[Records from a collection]

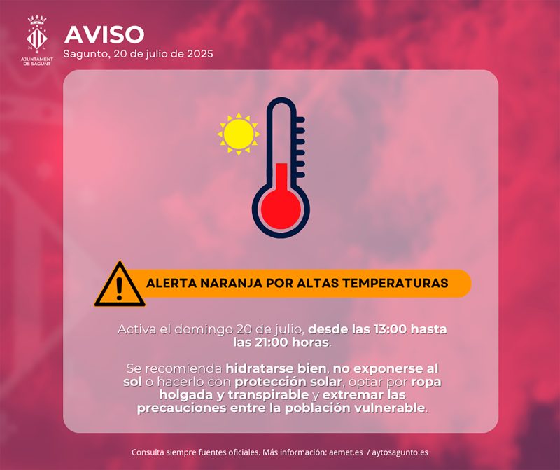 La Agencia Estatal de Meteorología (AEMET) ha elevado la alerta por altas temperaturas a nivel naranja (riesgo importante) para el próximo domingo 20 de julio en todo el litoral norte de Valencia, zona geográfica en la que se encuentra Sagunto. La alerta estará activa desde las 12 a las 21 horas con una temperatura máxima prevista de 39 grados, aunque la AEMET estima que valores más altos se den en el interior.
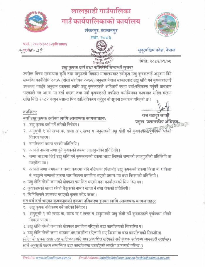 उखु कृषक दर्ता तथा नविकरण सम्बन्धमा ।
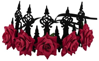 Die filigranen Zacken dieser opulenten Krone erinnern an die Spitzen eines Friedhofzauns. Bestückt mit blutroten Rosen schafft es die Krone Grusel-Faktor und Schönheit gekonnt zu vereinen – das perfekte Accessoire für Ihr Día-de-los-Muertos-Kostüm. Aber auch Skelett, Vampir und andere Grusel-Gestalten sehen in dieser Krone zu Halloween und Fasching umwerfend aus – einfach zum Sterben schön!
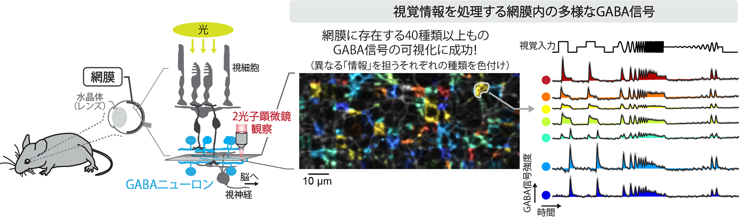本研究は、網膜内でのGABA(ɣ-アミノ酪酸)の多様な役割を世界で初めて明らかにしました。GABAは中枢神経系の主要な抑制性神経伝達物質であり、神経回路の興奮性を調整することで情報処理に重要な働きをするほか、その伝達異常は様々な神経疾患の原因となることが知られています。しかし、GABA信号の多様性については不明でした。
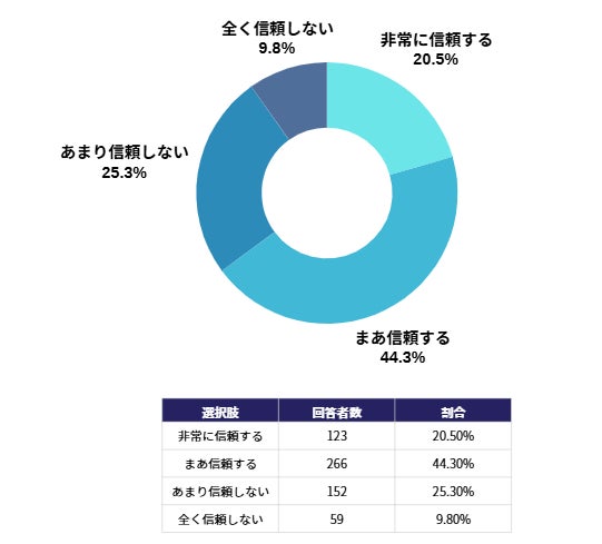 内訳を見ると、「非常に信頼する」と答えた回答者が20.5%、「まあ信頼する」と回答した層が44.3%と、高い信頼感を示すグループが大多数を占めています。
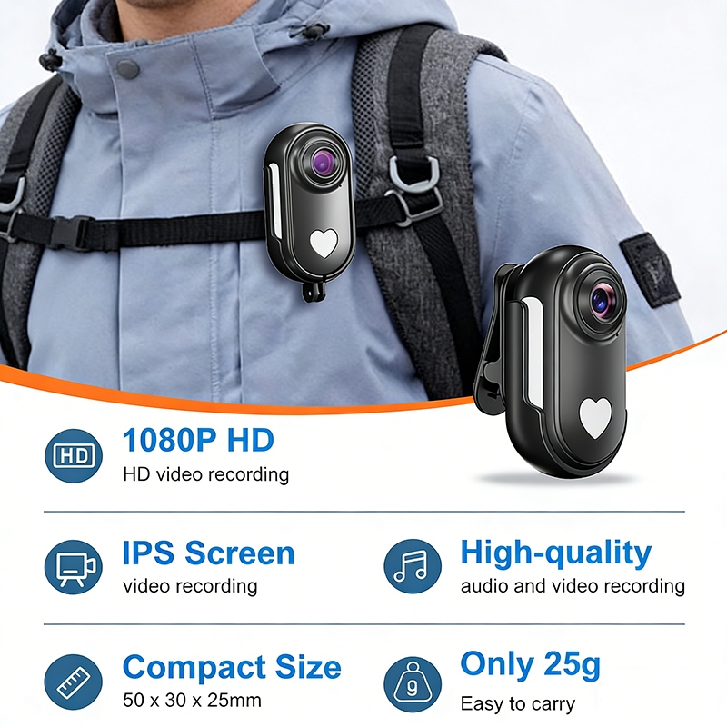 Mini Câmera De Ação Usada No Corpo Vestível , FHD 1080P , Gravação Mãos Livres Com Suporte Para Filmadora Portátil Premi
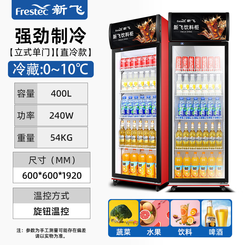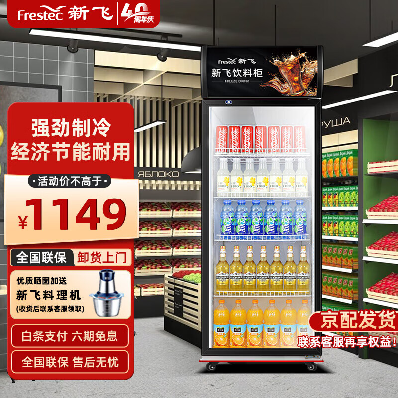 新飞(Frestec)400升单门冷藏冰箱展示柜商用 超市饮料啤酒保鲜冷柜冷饮茶叶陈列柜LC-238JH价格:1149.00元!
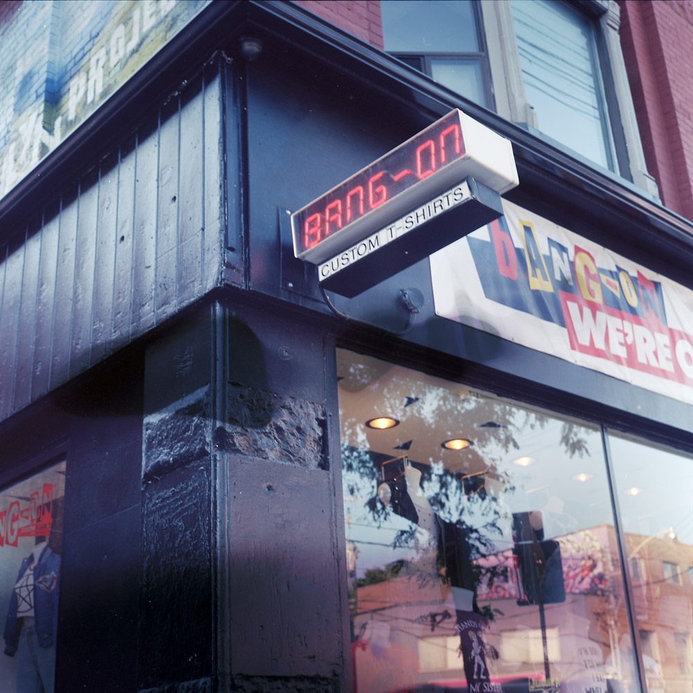 A view of the eateries along King Street. I don’t know what’s going on with the bisected Holstein coming out of the wall of the Kit Kat club, but it certainly is eye-catching.
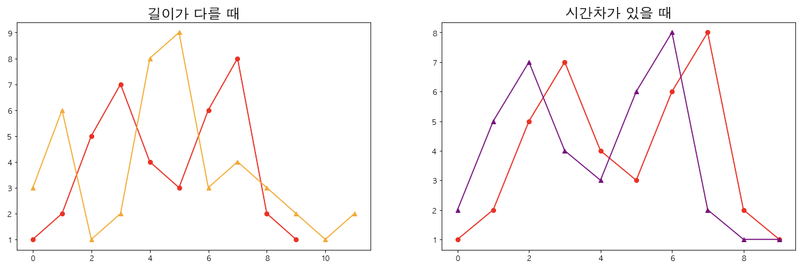 - 비슷한 패턴이지만 시간차가 있는 경우(shift 발생) 유사도 비교 가능

_EXERCISE OBJECTIVE_
The answer must be the lines above from the line that contains "A view of the" to the final line of the data, word for word, with no pictures.

_TASK RESPONSE_
 A view of the eateries along King Street. I don’t know what’s going on with the bisected Holstein coming out of the wall of the Kit Kat club, but it certainly is eye-catching.
 - 비슷한 패턴이지만 시간차가 있는 경우(shift 발생) 유사도 비교 가능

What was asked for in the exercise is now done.